Abstract

Several tiny crinoids with crowns as small as 1 mm, or less, in width are newly recognized from the Hunsruck Slate of southwestern Germany. The presence of erect arms above an amorphous calyx in some specimens can be inferred. Based on comparison with the size and gross morphology of developmental stages in living crinoids, these tiny Hunsruck crinoids are judged to be at an early postlarval stage that is analogous to the pentacrinoid stage just after development from the stalked, but armless, smaller cystidean larval stage found in both living comatulids and isocrinids.

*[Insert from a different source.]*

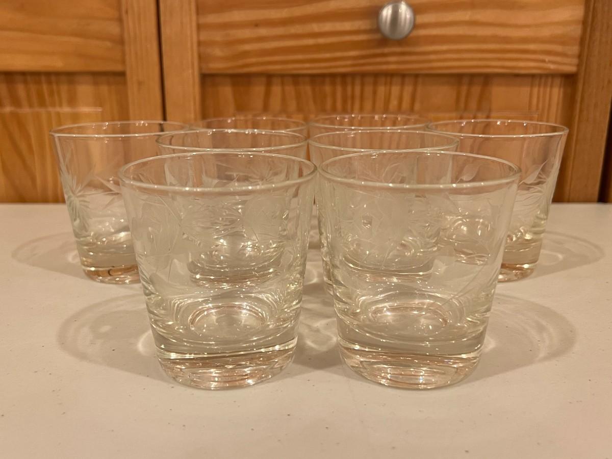 Vintage Etched Whiskey Glasses

Some of these tiny crinoids have a stalk up to 4 mm long attached to a now pyritized former substrate. Their clustered occurrence suggests gregarious settlement of larvae. Taxonomic identification of these presumed pentacrinoids is not possible, even to the sub-class level, although they are preserved with larger juveniles of the cladids Propoteriocrinus and Lasiocrinus. These larger juveniles exhibit 3-D pyritized calcite plates, whereas the probable pentacrinoids appear to be preserved as flattened, micro-crystalline pyritized dermal tissues that enclosed lightly calcified, porous ossicles. The pentacrinoids were likely buried within weeks or months of hatching, based on developmental stages in similar-sized living crinoids. These tiny crinoids, presumably pentacrinoids, are a further example of the extraordinarily detailed preservation of delicate tissues in pyrite from the Hunsruck Slate. They are most likely the pentacrinoid stage from one or more of the crinoid taxa (30 genera) present in the Hunsruck Slate. Assuming these are not microcrinoids, they are the first report of pentacrinoids from the fossil record and document that a Palaeozoic sister group to modern crinoids had similar developmental stages.